Ballet was at a cross-road. I was at a cross-road in my career in ballet. It was at this indecisive point there emerged a new light on the balletic horizon. It called itself Ballet Theatre. It interested me very much.
[10.] The Best of Plans ... Ballet Theatre
DURING the very late ’thirties, Mikhail Mordkin had had a ballet company, giving sporadic performances on Sunday nights, occasionally on week-day evenings, and, now and then, some out-of-town performances. It was a small company, largely made up of Mordkin’s pupils, of which one, Lucia Chase, was prima ballerina. Miss Chase was seen in, among other parts, the title role of Giselle, in which she was later replaced by Patricia Bowman.
This little company is credited with having given the first performance on this continent of the full-length Tchaikowsky Sleeping Beauty. In order that the record may be quite clear on this point, the production was not that of the Petipa masterpiece, but rather Mordkin’s own version. It was presented at Waterbury, Connecticut, in 1937. Waterbury is the home town of Lucia Chase. Lucia Chase was the Princess Aurora of the production. So far as the records reveal, there was a single performance.
The season of 1938-1939 was the Mordkin company’s last. It was, as a company, foredoomed to failure from the very start, in my opinion. Its repertoire was meagre, unbalanced; it had no dancers who were known; it lacked someone of ballerina stature.
Towards the end of the company’s existence, Mordkin had an associate, Richard Pleasant, whose interest in ballet had, in earlier days, caused him to act as a supernumerary in de Basil company productions, and who had an idea: an idea that has lurked in the minds of a number of young men I know, to wit: to form a ballet company. It is one thing to want to form a ballet company, another to do it. In addition to having the idea, one must have money—and a great deal of it.
In this case, idea and money came together simultaneously, for the Mordkin school and company had Lucia Chase, with ambitions and interest as well. Lucia Chase had money—a great deal of it—and she wanted to dance. She had substantially financed the Mordkin company. Pleasant went ahead with his plan for a grandiose organization—with his ideas and Chase’s money. The Mordkin company was closed up; and a new company, on a magnificent scale, calling itself Ballet Theatre, was formed.
The Mordkin venture had been too small, too limited in its scope, too reactionary in thought, so Mordkin himself was pushed into the background, soon to be ousted altogether, and the tremendous undertaking went forward on a scale the like of which this country had never seen. In a Utopia such a pretentious scheme would have a permanent place in the cultural pattern, for the company’s avowed policy, at the outset, was to act as a repository for genuine masterpieces of all periods and styles of the dance; it would be to the dance what a great museum is to the arts of sculpture and painting. The classical, the romantic, the modern, all would find a home in the new organization. The company was to be so organized that it could compete with the world’s best. It should be large. It should have ample backing.

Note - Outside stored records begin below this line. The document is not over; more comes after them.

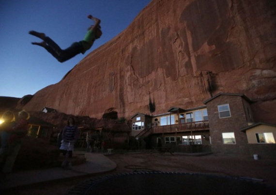 Девушки прыгают на батуте возле домов, встроенных в скалу на ранчо Рокланд в Моаве, Юта. В городке, который местные жители называют «Скала», проживает около 100 человек, приблизительно 15 семей. Тут проживают семьи множенцев-мормонов, которые поселились на этом месте с середины XIX века.
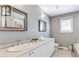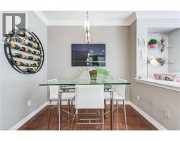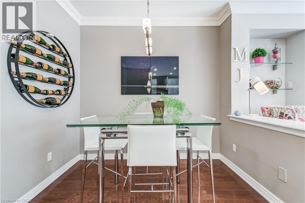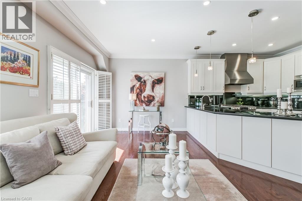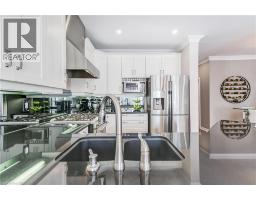 Step into timeless elegance where every detail has been thoughtfully curated. An immaculate Fernbrook luxury townhome on a quiet street in sought-after Joshua Creek. This stunning 3-bedroom, 4-bathroom home with a professionally finished basement combines timeless elegance with modern upgrades and exceptional attention to detail.The inviting foyer opens to a spectacular 2-storey entrance with a curved oak staircase that welcomes you as you step into 9ft ceilings, rich crown mouldings, smooth finishes, and hardwood floors that flow throughout the main level. Entertain in the formal dining room with coffered ceiling and fluted columns, or relax in the generous family room featuring an upgraded gas fireplace with marble surround, large window, and walkout to a private exposed aggregate patio framed by lush a garden.The sleek eat-in kitchen is a chefs dream with deluxe white cabinetry, granite counters, a walk-in pantry, and stainless steel appliances. Upstairs, the spacious master retreat offers a huge walk-in closet and a lavish spa-inspired 5-piece ensuite with whirlpool tub, his-and-hers sinks, marble counters, and a frameless glass shower. Two additional bright bedrooms and a large main bath provide comfort for the whole family.The professionally finished basement features a large recreation room with upgraded fireplace and stone mantel, open concept multipurpose area, office niche, 2-piece bath, laundry room, and ample storage.Enjoy outstanding curb appeal with a handsome brick and stone exterior, landscaped gardens, and double garage. Recent mechanical upgrades include Carrier Infinity furnace & A/C (2019), high-efficiency air cleaner, humidifier, UV air treatment system, and smart home control pad.Move-in ready, this home offers luxury, privacy, and convenience close to top schools, parks, trails, shopping, highways, and GO transit. (id:46441)
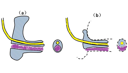 方法二是直接制作未占據整個外耳部分的耳模(如圖b中紫色部分所見)。
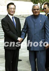 會(huì)談前,溫家寶總理在人民大會(huì)堂東門外廣場(chǎng)為瓦杰帕伊總理舉行了隆重的歡迎儀式。會(huì)談結(jié)束后,雙方將舉行有關(guān)文件的簽字儀式。
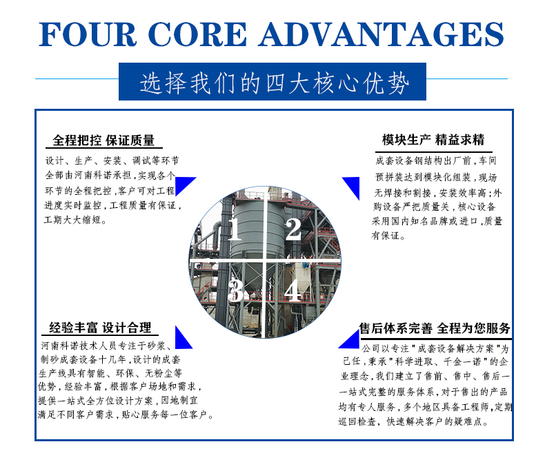 原料可采用廉價易得的尾料、廢料、建筑垃圾、石屑、瓜米石等,采用環(huán)保的干法工藝,生產(chǎn)出媲美天然砂的機制砂,符合建筑用砂標(biāo)準(zhǔn),可用于攪拌站、干混砂漿、水泥制品廠等配套制砂,骨料礦山配套制砂,大型建工項目配套制砂等,可滿足市場對砂的需求,具有優(yōu)厚的投資價值,贏得了多方的贊譽和市場的認(rèn)可。
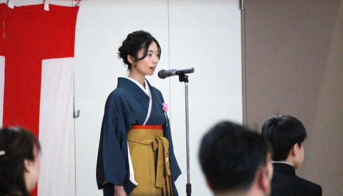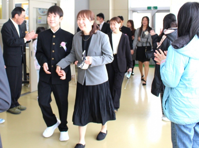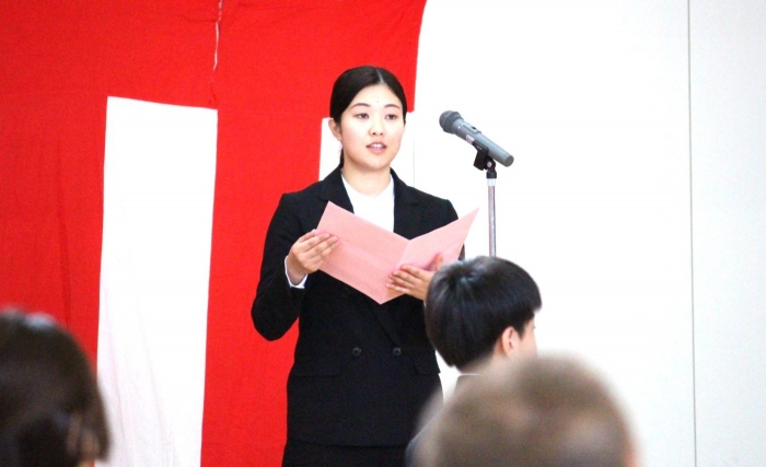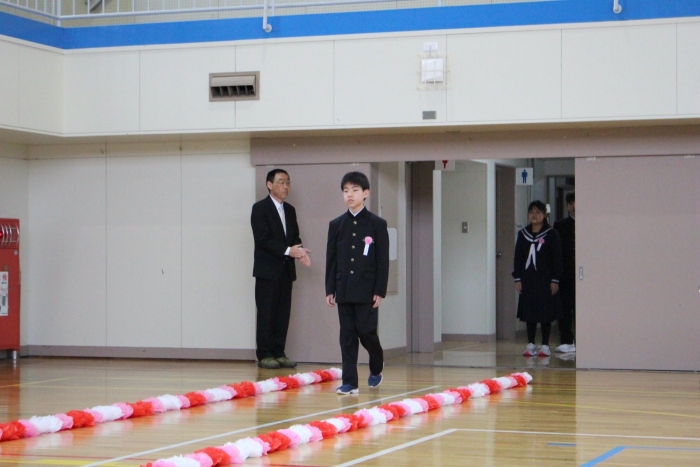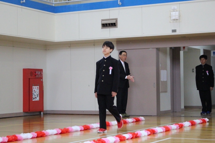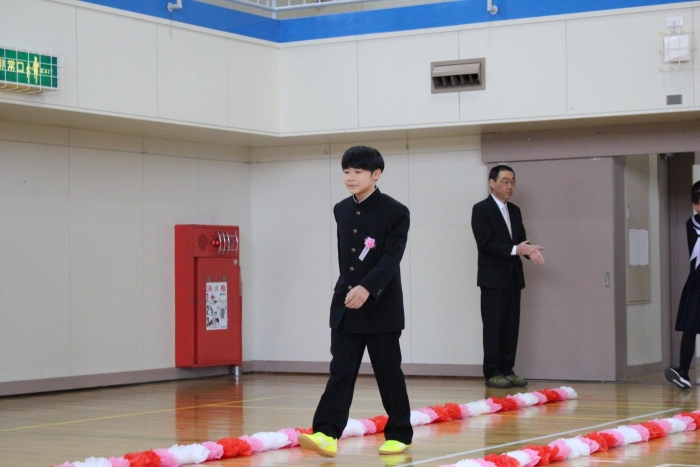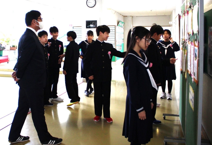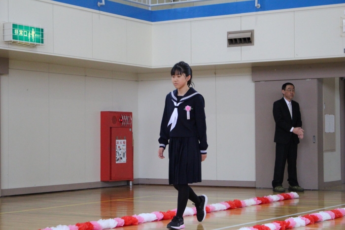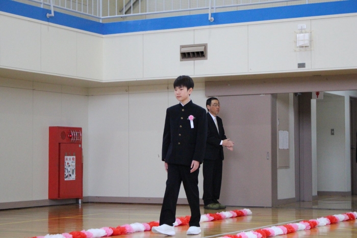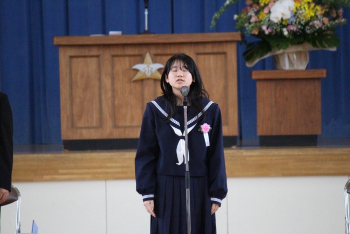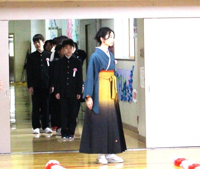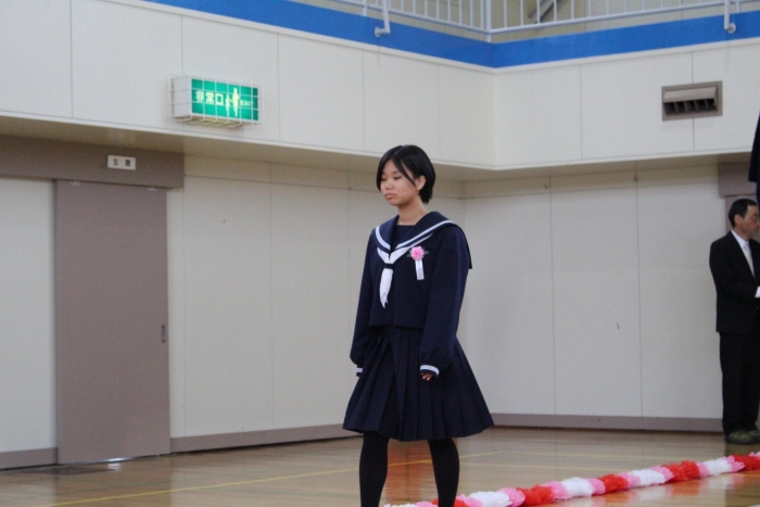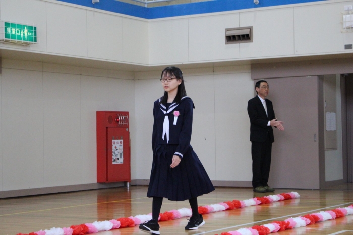 式が始まる前、お祝いのメッセージを読む卒業生。中学校の制服、似合っています。

The company’s debut at the Center Theatre, in New York’s Rockefeller Center, on 11th January, 1940, was preceded by a ballyhoo of circus proportions. The rehearsal period preceding this date was long and arduous. The company’s slogans included one announcing that the works were “staged by the greatest collaboration in ballet history.” It was a “super” organization—imposing, diverse and diffuse. But it was a big idea, albeit an impractical one. Its impracticability, however, did not lessen the impact of its initial impression. More than thirteen years have elapsed since Ballet Theatre made its bow, and one can hardly regard its initial roster of contributors even now without an astonished blink of the eyes. There were twenty principal dancers, fifteen soloists, a corps de ballet of fifty-six. In addition, there was a Negro group numbering fourteen. There was an additional Spanish group of nineteen. The choreographers numbered eleven; an equal number of scene and costume designers; three orchestra conductors. Eighteen composers, living and dead, contributed to the initial repertoire of as many works.